For his second Pentatone release Lost & Found, Sean Shibe trades in his acoustic guitar for an electric model, supplanted by an array of sophisticated pedals. Although Shibe mixes and matches a wide array of composers, the recital’s overall trajectory evokes the kind of moody, slow moving soundscape one associates with “ambient” music practitioners like Brian Eno, Robert Fripp, and Harold Budd.
Play Hildegard von Bingen’s O choruscans lux stellarum and Olivier Leith’s “Pushing my thumb through a plate” back to back, for example, and you’d be hard pressed to determine who’s who, or, for that matter, which composer was born in 1098 and which was born in 1990! At the same time, the long sustained dissonant chords in Julius Eastman’s Buddah and the gentle, prickly melodic flourishes in Messiaen’s O sacrum convivium add welcome stylistic variety.
The three Moondog selections prove my long-held point that if you play any of his catchy and disarming pieces on electric guitar, they wind up sounding like late 1960s/early 1970s psychedelia; think of Jefferson Airplane/Hot Tuna guitarist Jorma Kaukonen noodling around, and you’ll get what I mean.

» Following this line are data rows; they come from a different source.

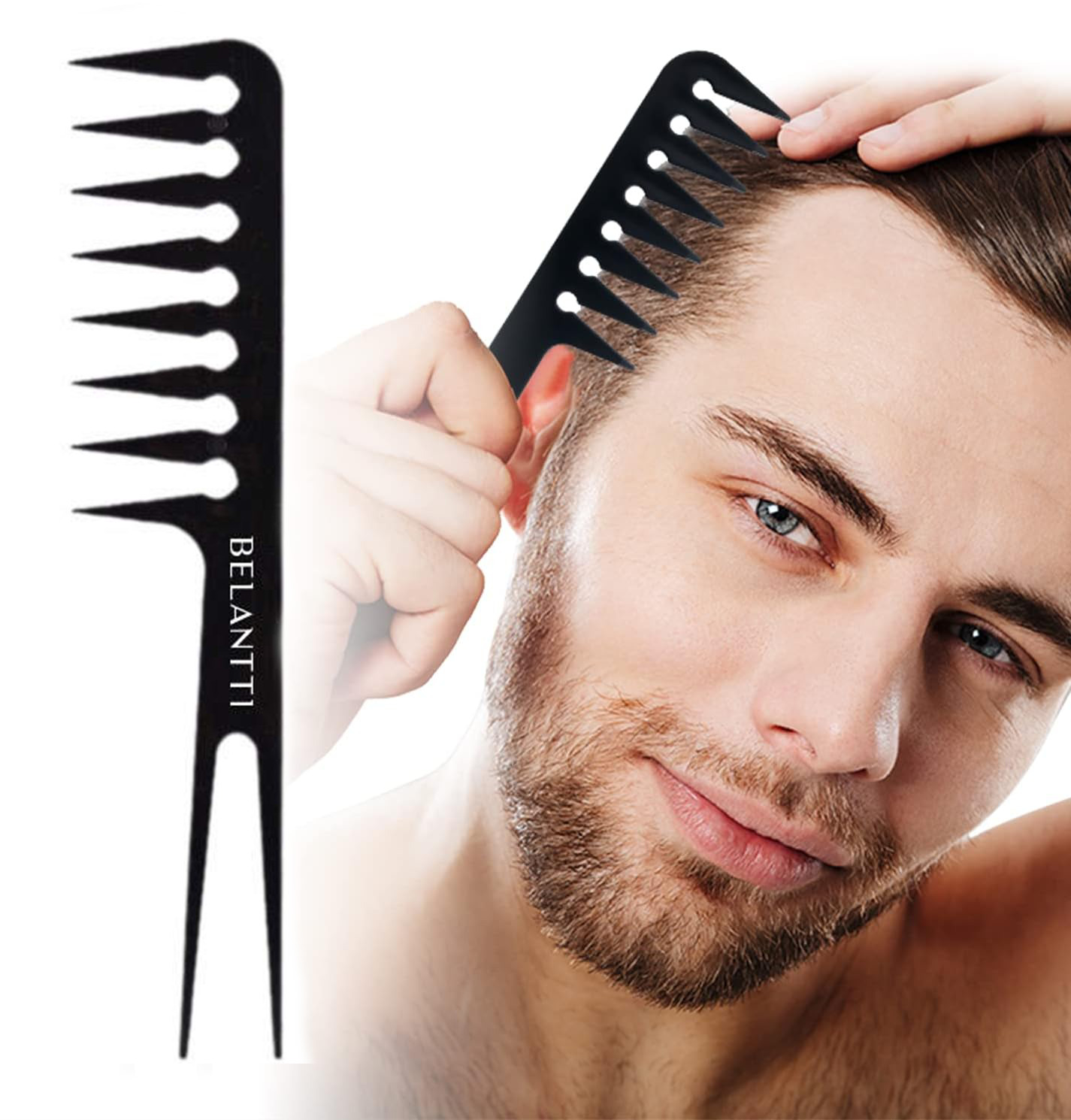 Wide-Tooth Hair Comb 2-in-1 for Men Head Texturising Texture Comb - Black
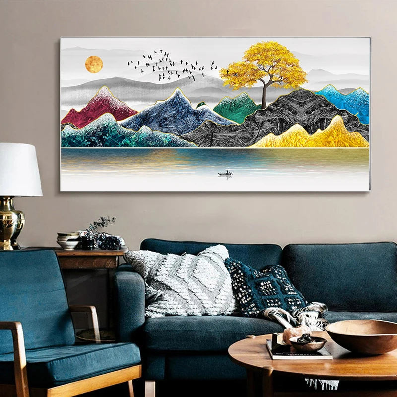 styleGold Tree Birds mountain Canvas Paintings for living room wall
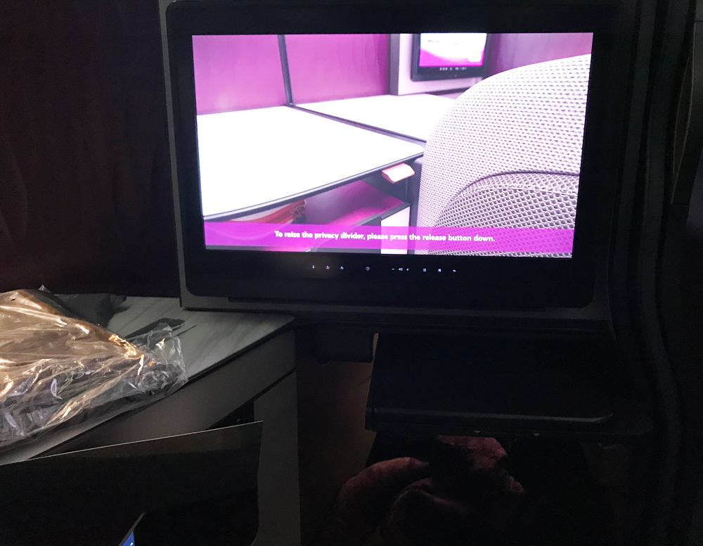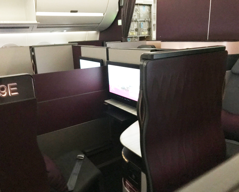 漸く、搭乗時間が来ました。来る時と同様にガラガラです。因みにエコノミークラスでも隣はいないので楽です。カタール航空のビジネスクラス初搭乗で期待が膨らみます。シートは実に大きいです。コンパートメントを超えたセミ個室でした。各シートにドアがあり開閉します。
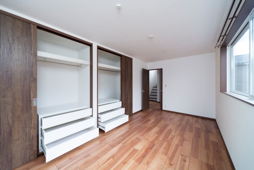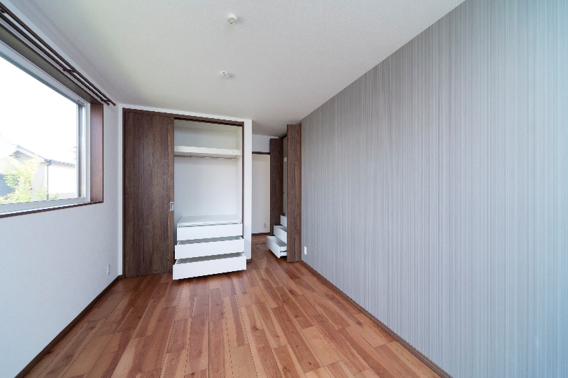 主寝室は壁紙にアクセントを加える事で、シックな空間を演出し、夫婦別々の収納スペースを確保しています。

Originally for string quartet, Shiva Feshareki’s graphically scored VENUS/ZOHREH emerges here in harmonically static form, building from soft and ambling to loud and pulsating. Bill Evans’ Peace Piece slows down and disintegrates in Shibe’s hands, while Meredith Monk’s nine-and-a-half-minute Nightful goes on too long for what the music has to say. While Shibe’s polished craftsmanship and careful program building do not hold my undivided attention, I invite curious listeners to check out this release and decide for themselves.